But they may still be desirable. It is not unusual to employ multi-dimensional effect sizes that reduce multiple degrees of freedom to a single numerical score. These are also lossy and conservative. Whether a measure is useful depends on our purpose.

Secondly, non-monotonic functions cannot be inverted to obtain a unique solution. For example, fn(p) = (p – 0.5)² = 0.25 has two solutions, p = 0 and 1. But even if we cannot invert a function, we can still cite and plot intervals on it.

Zou and Donner’s interval difference theorem

We have explored Newcombe’s (1998) difference interval at some length in this blog. A good starting point is Change and certainty, which discusses how to plot an interval about d.

Newcombe’s interval may be simply stated based about zero, and compared with d.

(w_d^–, w_d⁺) = (–√(p₁ – w₁^–)² + (w₂⁺ – p₂)², √(w₁⁺ – p₁)² + (p₂ – w₂^–)²), (3)

where (w_i^–, w_i⁺) are the Wilson score interval bounds for p_i, i ∈ {0, 1}. We can reposition the interval about the difference by subtracting it from d.

d ∈ (d^–, d⁺) = d – (w_d^–, w_d⁺) = (d – w_d⁺, d – w_d^–). (4)
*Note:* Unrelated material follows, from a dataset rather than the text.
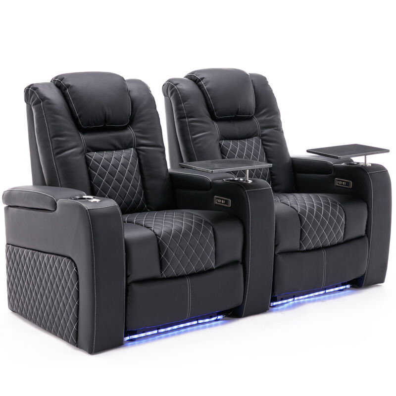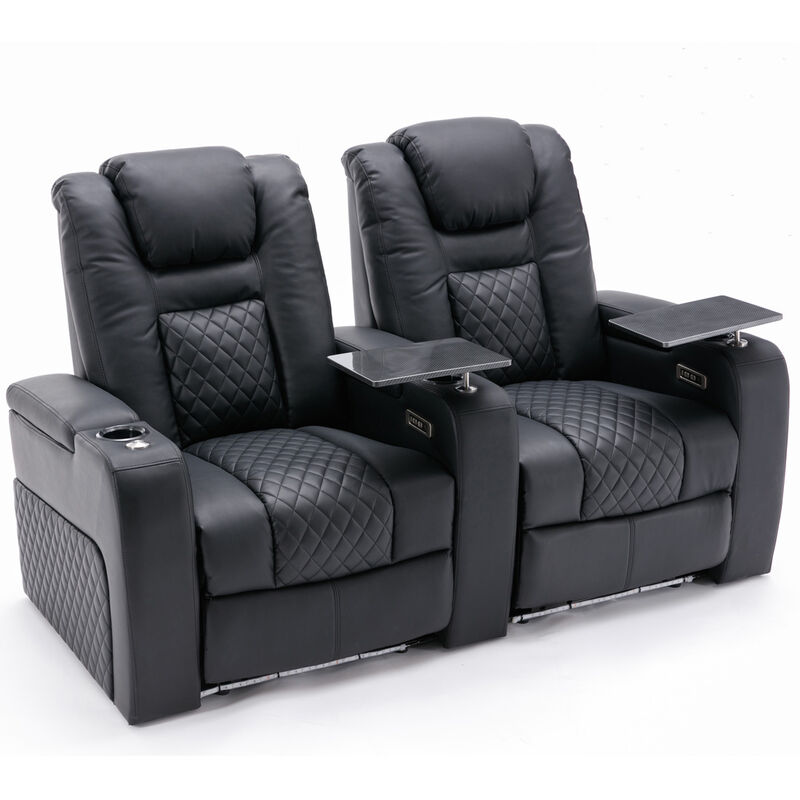 More4Homes Broadway 2 Seater Cinema Electric Recliner Chair USB Charging LED Base in Black Black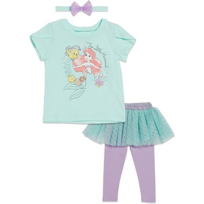 Officially licensed Disney toddler girls 3 piece mix n’ match clothing set: short sleeve graphic tee shirt, leggings, and head band, fashionable tulle skirt, and cute bow headband

While I was writing my book, I went back to this interval and original sources, and carried out a number of evaluations that never appeared in the final manuscript for reasons of space. Wallis (2013) had mainly concerned itself with its performance at the inner interval, and compared its performance to chi-square, Fisher and other 2 × 2 tests. This is important for consistency, otherwise we would be advocating an interval that obtained radically different results than other tests. Although there are small rounding differences that can obtain different outcomes in marginal cases, Newcombe’s Wilson-based interval performs comparably to the equivalent 2 × 2 χ².

In fact, Robert Newcombe made a number of other claims about its performance in his 1998 paper. In particular he noted that the outer interval bound was also comparably accurate, and indeed, that the interval performed well when bounds were not close to zero. In my book I show that the same is not the case for repositioned Gaussian χ² intervals.

An important extension to Newcombe’s work is to be found in Zou and Donner (2008). They offer the following interval difference theorem to obtain an interval for the difference between any two independently distributed parameters, θˆ₁ and θˆ₂.

(L, U) ≡ (θˆ₁ – θˆ₂ – √(θˆ₁ – l₁)² + (u₂ – θˆ₂)², θˆ₁ – θˆ₂ + √(u₁ – θˆ₁)² + (θˆ₂ – l₂)²), (5)

where (l_i, u_i) are the lower and upper interval bounds for parameter θˆ_i.

It should be straightforward to see that the Newcombe-Wilson interval (3), repositioned by Equation (4), is an instance of (5) (indexes are reversed). However Equation (5) may be applied to functions of p.

Sums, ratios and products

The sum of two independent proportions may be obtained by simply substituting as follows into Equation (5):

• θˆ₁ = p₁, (l₁, u₁) = (w₁^–, w₁⁺), and
• θˆ₂ = –p₂, (l₂, u₂) = (–w₂⁺, –w₂^–).

Indeed, we can generalise a summation over k independent proportions as

sum ∈ (L, U) = (∑p_i – √∑(p_i – w_i^–)², ∑p_i + √∑(w_i⁺ – p_i)²), (6)

where i ∈ {1, 2,… k} is the index.

• Applications: Summing independent proportions is not very common, but a version of Equation (4) may be employed for computing intervals for goodness of fit effect sizes and other metrics that sum a finite number of constrained terms.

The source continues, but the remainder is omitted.